Ja, der Georg kannte sich aus in der Welt. Mit der RMS Lusitania war er zweimal in Amerika gewesen, das er die „Vereinigten Staaten“ nannte, weil er genau wusste, dass es nicht ein großes Land war so wie vielleicht Frankreich oder Russland, sondern eine Vereinigung vieler ganz verschiedener Länder. New York hatte er erlebt, bei Tag und bei Nacht. Bei seiner zweiten Überfahrt überredete ihn sein Bruder Albert, der auch auf der Lusitania angeheuert hatte, zu einem Abenteuer. Mit Zügen und Kutschen gelangten sie in den heißen feuchten Süden nach New Orleans. Nur mal so, um die schönen Frauen mit der goldbraunen Haut und dem schwarzen glänzenden Haar, den unergründlichen dunklen Augen und blitzenden weißen Zähnen zu erleben, hautnah. Danach wäre man ein anderer Mensch, behauptete Albert, wer hatte ihm das wohl erklärt? Nach einer heißen Nacht ging es weiter nach Jacksonville, dort nahm sie ein stinkender Fischkutter auf. Sie köchelten in einer winzigen Kombüse für die sieben Mann Besatzung zwei warme Mahlzeiten, verdienten sich damit den Rückweg nach New York und kamen eben noch rechtzeitig an, um wieder an Bord der Lusitania zu gehen und ihren Frack überzustreifen. Zuvor hatten sie sich im Hafen eine Handvoll teure Seifen und Essenzen gekauft, um den verdammten Gestank aus den Haaren, den Nägeln und von der Haut zu schrubben. Das Publikum auf der Lusitania parlierte in Französisch, Spanisch, Italienisch, Englisch, Russisch. Man lachte miteinander, war von Musik umgeben, von Glanz, von Luxus, der auch die Leute im Dienstbereich einbezog. Wenn sie abends todmüde in ihre Kojen fielen, begannen sie sofort zu träumen von all dem Aufregenden, was sie tagsüber gesehen und erlebt hatten.

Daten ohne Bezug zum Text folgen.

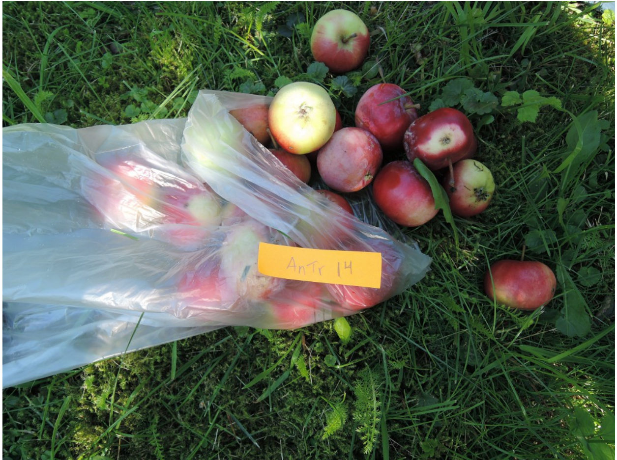
Lill-Stu 1: Faafas Trä.
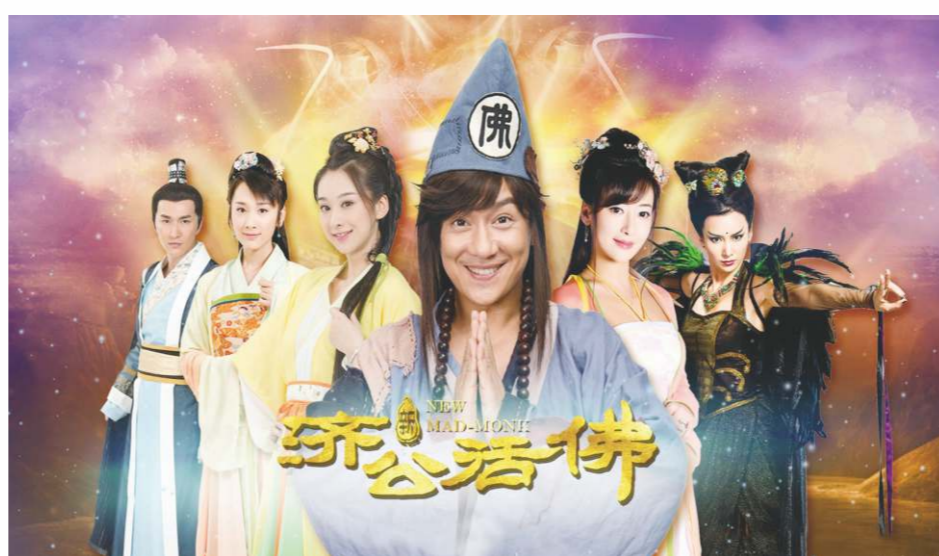
濟公鋤強扶弱的風采得到歷代民眾稱頌，更傳播至東南亞、澳紐和北美。
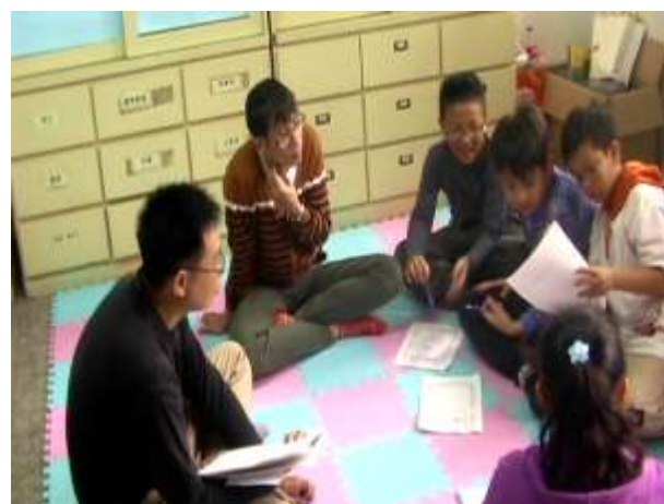
4.Leader 講解 A-B-C 理論，學員輪流討論。
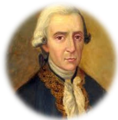
Figura 4. Francisco Antonio de Ulloa.
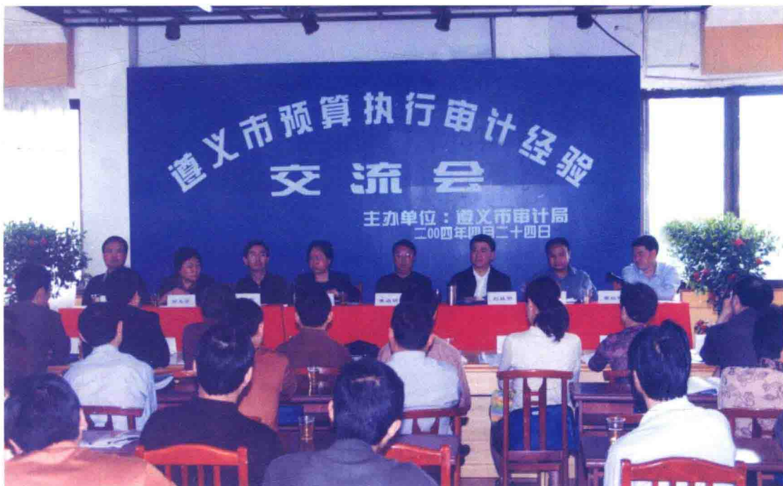
2004年4月24日，遵义市预算执行审计经验交流会在仁怀市召开，省审计厅副厅长黄启明（左五）、市人大常委会副主任任启贤（左四）到会指导
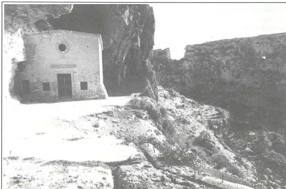
Dehra oħra tal-Kappella ta' San Pawl l-Ewwel Eremita ftit qabel ma' ġiet restawrata fl-1992.

Il-kelma Dejr li G. Wettinger jittraduċiha bl-Ingliż monastery-like building 24 u E. Serracino-Ingloft, fosthom Dar kbira ta' xi kap; palazz; dar fejn joqogħdu n-nies ta' xi familja kbira; ospizju ,
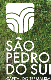
Versão vertical monocromia

„Ja, Käthe, die schöne große Welt ist voller Wunder. Wie blöd muss man sein, wenn man Krieg anzettelt, wenn man sich gegenseitig totschießt, die Brücken sprengt, die Äcker verwüstet. Das ist doch wie im Mittelalter!“
Das hatte ihr der Georg nicht nur einmal erklärt. Die Mehrheit der Menschen wollte den Krieg nicht, behauptete er. Mochte sein, dass er was von der großen weiten Welt gesehen hatte, mochte sein, dass er wusste, dass Amerika in Wirklichkeit aus vielen Ländern bestand, und zwar aus sehr viel mehr und sehr viel größeren als unser kleines Europa, aber was den Krieg betraf, da täuschte er sich. Käthe wusste es besser und sie wusste es so gut, dass sie gleich wieder einmal einen Streit hätte anzetteln können. Sie hatte gehört, wie sie Hurra schrien und „endlich“ sagten, endlich dürfen wir zeigen, wie sehr wir unsere Heimat lieben, dürfen sie verteidigen mit diesen Händen, und wenn wir dabei draufgehen sollten. Wir wollen gerne Helden sein, wollen gerne, wenn es sein muss, sterben für unser Vaterland.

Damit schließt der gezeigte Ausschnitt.